I haven't read much Norman Mailer -- just "The Executioner's Song," which is great -- but judging from what I've read about his work, it sounds like more of his books fall under the heading of "literary fiasco" than not.

Posted by: KLeewrite | June 19, 2008 9:39 AM

I think this may not be supported by many (and it's been many years since I read it, so perhaps the accrual of years has affected my memory), but at the time of reading it, I felt that "Tender Is the Night" was a bit of a massive failure -- compared against the strengths of "The Great Gatsby."

I could insert a string of additional equivocations and hedges here . . . but please assume I'm open to revising my opinion in the face of dissenting opinions.

Posted by: C | June 19, 2008 1:53 PM

I'm actually not sure whether this falls under the heading of "literary fiasco" or not -- and I guess you can debate whether he'd be in the pantheon of "Great American Writers" -- but I've never liked John Updike's "Couples." I guess, considering how much he writes, some of his books inevitably will be bad, but my problem with "Couples" was I didn't find one likeable character in it. That's a pretty big problem for a novel. But then, I felt the same way about "Madame Bovary," so maybe I'm not one to judge.

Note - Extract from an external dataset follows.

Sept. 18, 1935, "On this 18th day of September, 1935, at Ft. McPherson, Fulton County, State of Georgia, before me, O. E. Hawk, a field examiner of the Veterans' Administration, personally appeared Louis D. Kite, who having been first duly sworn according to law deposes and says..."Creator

Posted by: KLeewrite | June 19, 2008 3:18 PM

I felt that Paul Auster's recent "Travels in the Scriptorium" was a fiasco.

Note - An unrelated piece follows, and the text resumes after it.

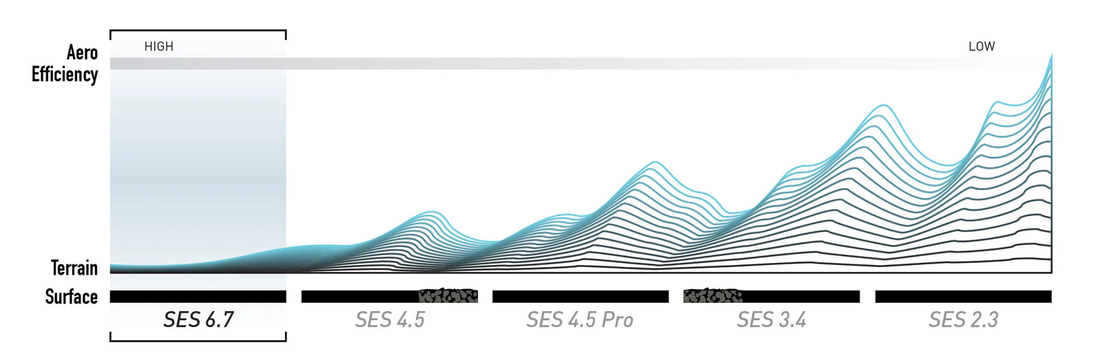 Designed with the help of CFD, wind tunnel tests and extensive field experience, the ENVE SES 6.7 Rear Wheel achieves an ideal compromise between efficiency and control. Its high-volume carbon construction enhances stability at high speeds, while keeping the weight down to under 1,500 g per pair for crisp acceleration and smooth running.

Posted by: Matt | June 20, 2008 4:44 PM

I haven't read Auster's "Scriptorium" yet, but I would certainly say his previous effort, "The Brooklyn Follies," was a major folly of its own, if you'll pardon the pun.

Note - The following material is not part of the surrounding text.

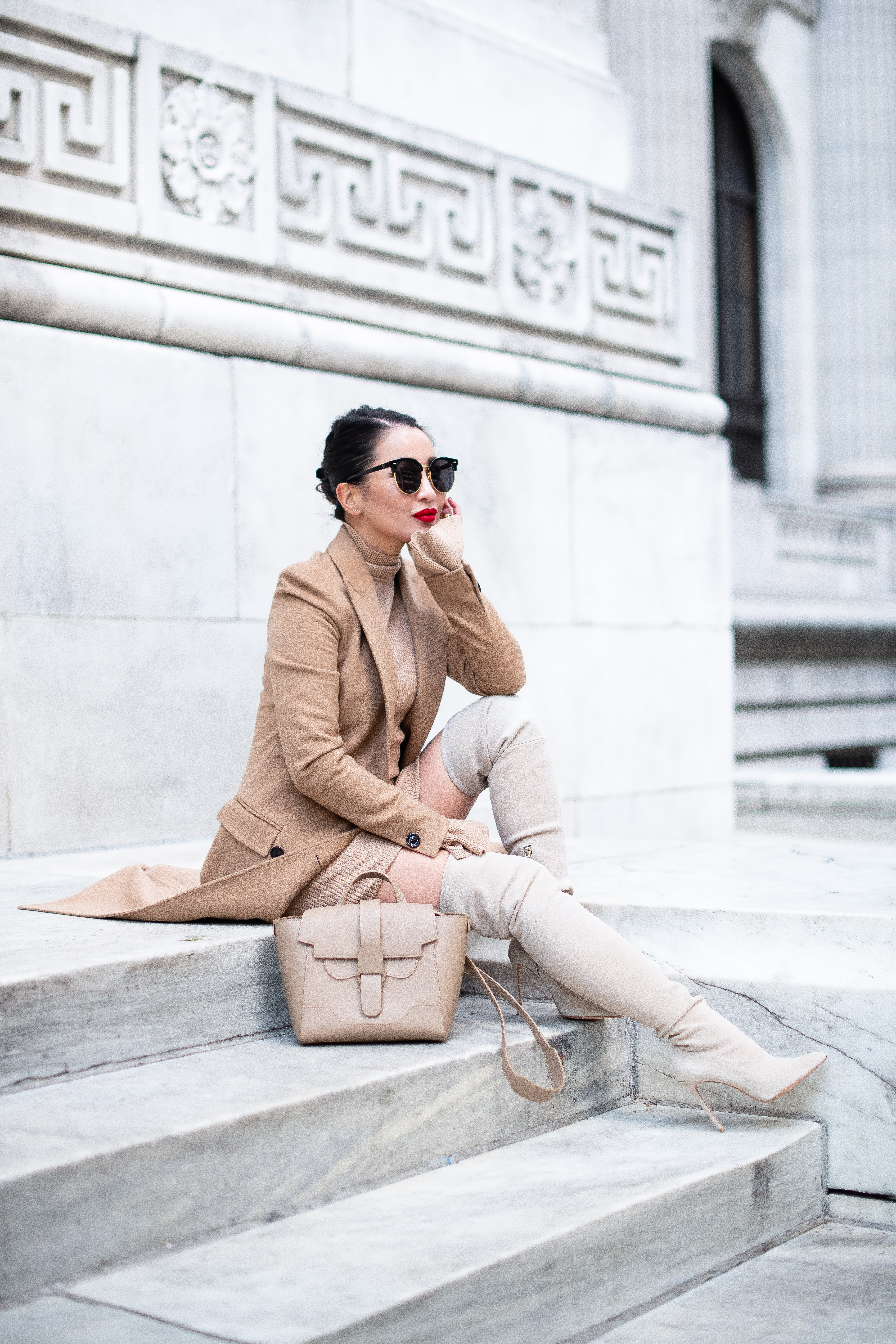 Highlighting the best of winter, I’m pulling out all of my favorites! Red and beige are such classic colors, and especially for winter, they create so many timeless looks. One of my best investments this fall/winter… this maxi beige coat! It fits like a glove (petite-friendly!), super tailored, and the long length is very flattering. Another favorite piece is this beige bag (current season color is Dolce Butterscotch) and red bag (Chili Red color). They both are such beautiful colors that work well with fall/winter and spring/summer outfits.

I just find it endlessly tedious when writers take on contemporary politics. Just wait a few years, would ya?

Posted by: TomL | June 20, 2008 8:07 PM

Robert Frost's Witness Tree and In the Clearing, two of his late books -- not out-an-out fiascos, but many astonishingly cheesy poems for a poet of genius. While some of them are charming, they don't hold their own with some of the late work of other great poets, like Stevens' The Rock. (Stevens once said to Frost, 'the problem with your poems is that they have subjects.')

PS--I can understand see the earlier commenter dissing F Scott's "Tender," but I would say that The Beautiful and Damned is still his worst novel. But the view that he completely lost it at the end is contradicted by "The Tycoon," which is terrific in a lot of ways, esp for an unfinished work.


Posted by: mark tarallo | June 22, 2008 10:00 PM

The mention of Robert Frost reminds me -- Anne Sexton wrote some terrific poetry early in her career, but in the latter part of her career, her confessional poetry became more confession than poetry. She sort of vomited out her feelings rather than incorporating them into some sort of structure

Posted by: KLeewrite | June 23, 2008 9:51 AM

Just for the record, I quizzed my Book World colleagues for their suggestions before posting my five entries, and Jon Yardley voted for Mailer's Ancient Evenings. I kind of like it, though, so I left it out. It's been a long time since I read Tender Is the Night, but I remember at least the first section as being good. Couples, though, is a good one. I read it because it was supposed to be so racy, but mostly it was a snooze.